KnigaRead.com/

Виктор Сидоров - Я хочу жить

На нашем сайте KnigaRead.com Вы можете абсолютно бесплатно читать книгу онлайн Виктор Сидоров, "Я хочу жить" бесплатно, без регистрации.
Перейти на страницу:

— Здравствуй, Саша…

— Лена?!

Я так удивился, что про боль забыл, и испугался почему-то.

— Ты тоже заболела?

Лена чуть-чуть улыбнулась, отрицательно покачала головой.

— Боков сказал: «Саньша занедужил, стонет…» Я и поехала проведать. Тебе очень плохо, да?

Черт бы побрал этого Ваньку с его языком!

— Врет он. Стонать не с чего. Пройдет…

Лена внимательно посмотрела на меня. Ничего не сказала, только покачала головой.

— Правда, правда. Зря ты уехала: не каждый день к нам летчики приходят, да еще с концертом…

Лена снова ничего не ответила. А я вдруг покраснел и растерял все слова. Перед глазами почему-то всплыло Фимочкино лицо с его тонкой улыбочкой. Вот теперь раздолье ему будет почесать язык. Досада взяла: — Ну чего смотришь, будто не видела.

— А я и в самом деле тебя так близко не видела. Глаза, как у кошки: зеленые.

— А уши? Как у осла, да?

Лена засмеялась и стала той прежней, какой я ее знаю. И почему-то мне сразу полегчало и даже радостно сделалось.

— Молодец ты, Лена!

— Это почему же?

— Приехала.

— Вот подвиг!

— Ну, не испугалась, что засмеют.

— Засмеют? За то, что больного товарища решила проведать?

Я снова смутился.

— Да нет, я не про то… Не за то, что… а просто…

Лена оторвала голову от подушки.

— Скажи правду: сильно болит?

— Да нет же, нет! — чуть ли не закричал я. — Наслушалась Ванькиной болтовни…

Я увидел у нее книгу возле подушки, спросил, чтобы переменить разговор:

— Интересная?

Лена поняла меня, ответила:

— «Вешние воды» Тургенева. Просто чудо. Ты знаешь, читаю и все время слезы на глазах.

Вот уже никак бы я не стал плакать от Тургенева! Помню, учили по литературе: «Тургенев был певцом дворянских гнезд, но очень тонко чувствовал новые влияния своего времени». Ну и пусть себе чувствовал. Что здесь интересного?
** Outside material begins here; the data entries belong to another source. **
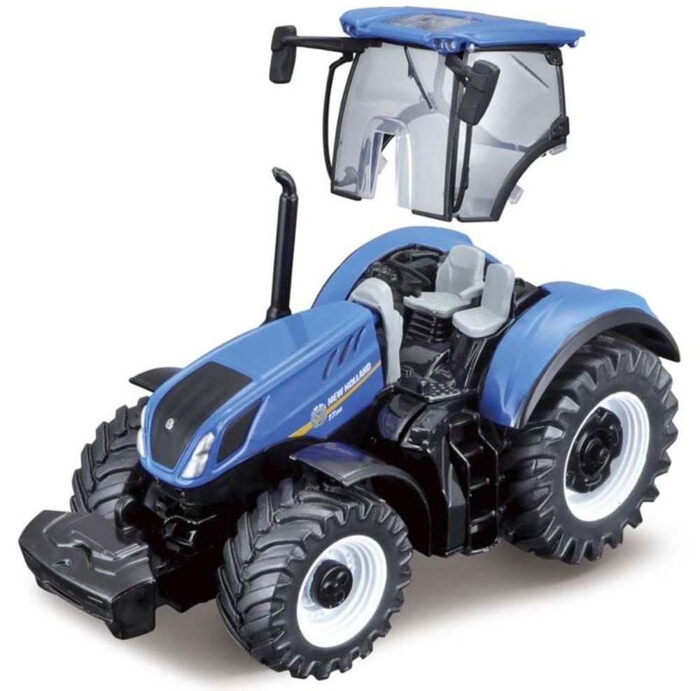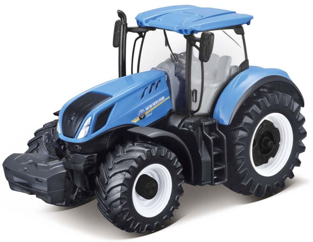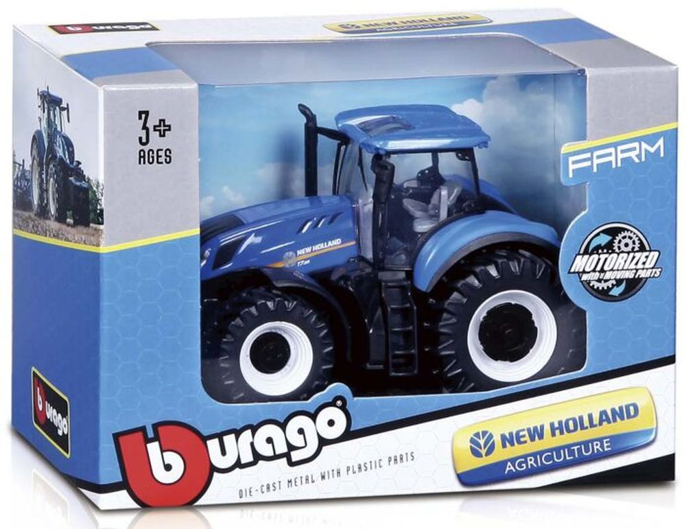 Mini Work Machines – Super farmářský set New Holland. Super set obsahuje: kovový model traktoru New Holland s plastovými detaily, přídavný traktor s buldozerem, dodávku, transportér, přívěs, strom, zeleninu a další příslušenství k sestavení vlastní farmy. Doplňky jsou vyrobeny z plastu. Součástí je také papírová hrací podložka o rozměru 29,7 x 21 cm. Model traktoru o velikosti 3'' (cca 7,5 cm) je vyroben z tlakově litého kovu. Rozměry balení: 23,2 x 20,49 x 4,45 cm. Věk: 3+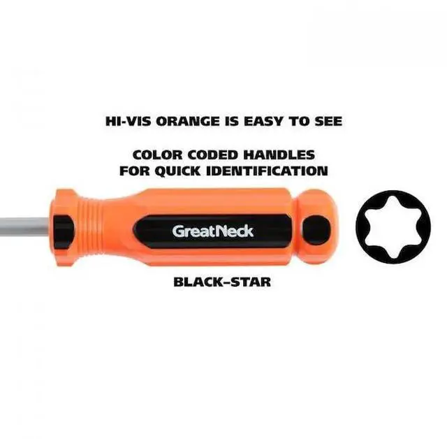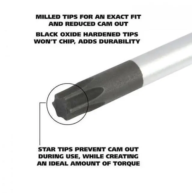 Star: T10 x 4", T15 x 4", T20 x 4", T25 x 5", T30 x 6". Fluted Handle Design Provides Multiple Gripping Points to Apply Torque from Various Angles. Tough Impact Resistant Acetate Handle to Stand Up to Everyday Use. Magnetized for a Secure Hold, Allowing One-Handed Use. Sand-blasted and Precision Machined Tip for an Exact Fit and Reduced Cam Out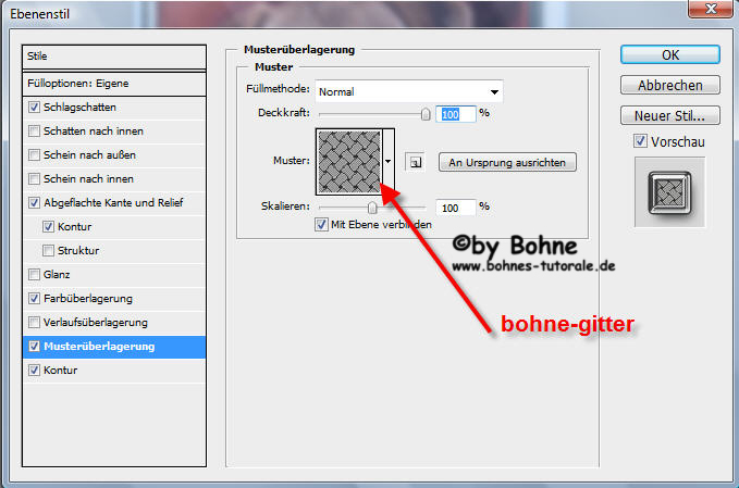 8) mit Strg+J auf eine neue Ebene Kopieren, über das fx Symbol den Ebenenstil Abgeflachte Kante und Relief hinufügen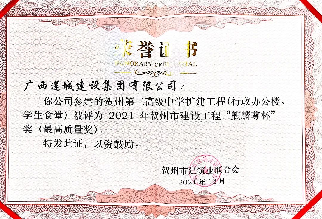 集團(tuán)公司參建的賀州第二高級中學(xué)擴(kuò)建工程(行政辦公樓、學(xué)生食堂)項(xiàng)目榮獲2021年賀州市建設(shè)工程“麒麟尊杯”獎(最高質(zhì)量獎)。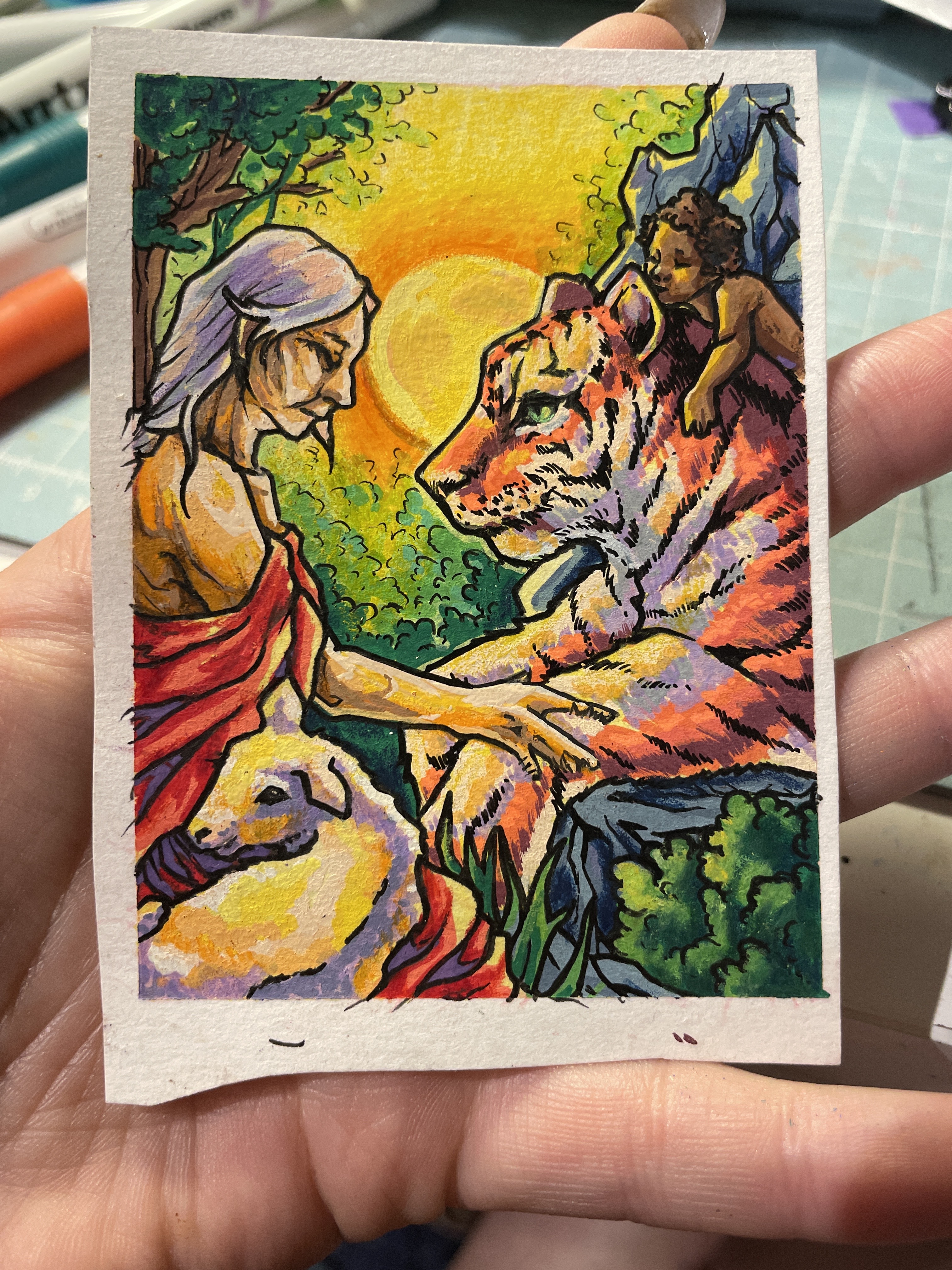 Für die unifarbenere Karte denk ich gerade über ein Einhorn auf einer Lichtung nach. Herausforderung hier wären ja das Farbreduzierte Arbeiten, aber auch Tiefgang in der Landschaft so wie definitiv Pferd.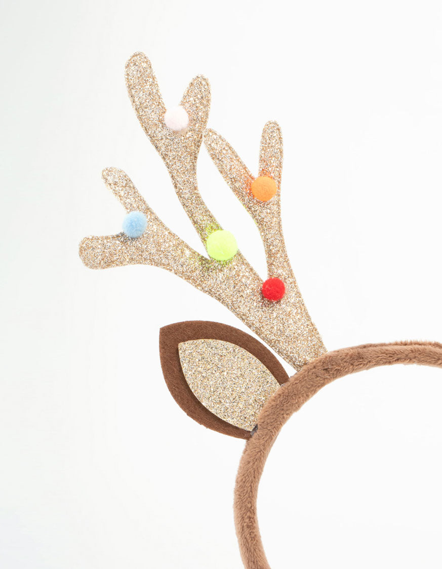 Spread holiday cheer with this kids glittery reindeer antler headband! This headband adds a fun touch to any outfit, making it perfect for getting into the Christmas spirit. The sparkly antlers are sure to make them the star of any holiday gathering.
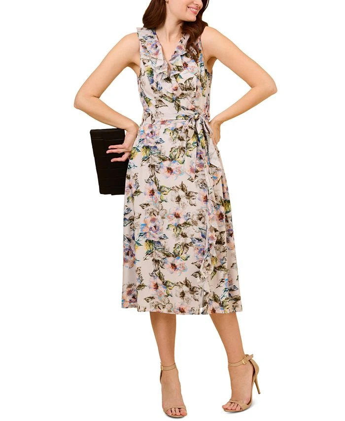 Get ready to celebrate in style with Adrianna Papell’s floral-print faux-wrap dress.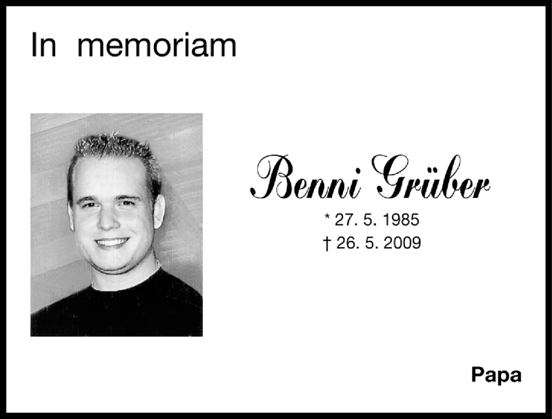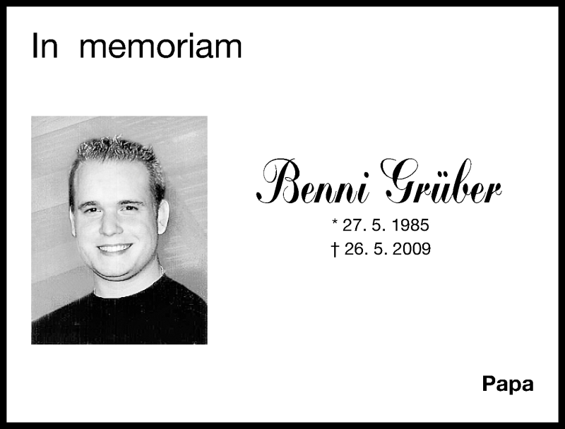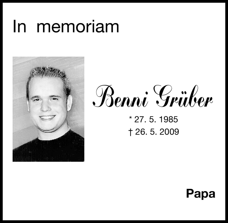 Hier finden Sie alle Traueranzeigen aus der Zeitung, die bisher für Benni Grüber erschienen sind. Weitere Traueranzeigen, die in der Zeitung erscheinen, werden hier ebenfalls aufgelistet

Я однажды взялся читать «Рудина», до половины не дочитал — бросил. Скукота, одни разговоры. А Лена читает, да еще «слезы на глазах». Чудная. Надо будет взять эти «Вешние воды» и почитать.

Потом Лена рассказала, что получила письмо от подруги, с которой вместе учились.

Она пишет: поступила ученицей в швейную мастерскую, уже шьет рукавицы для красноармейцев. Молодец, а всего на полгода старше Лены.

— Саша, а что если поговорить с завотделением: может быть, мы тоже сумеем что-нибудь делать для красноармейцев? Те же рукавицы?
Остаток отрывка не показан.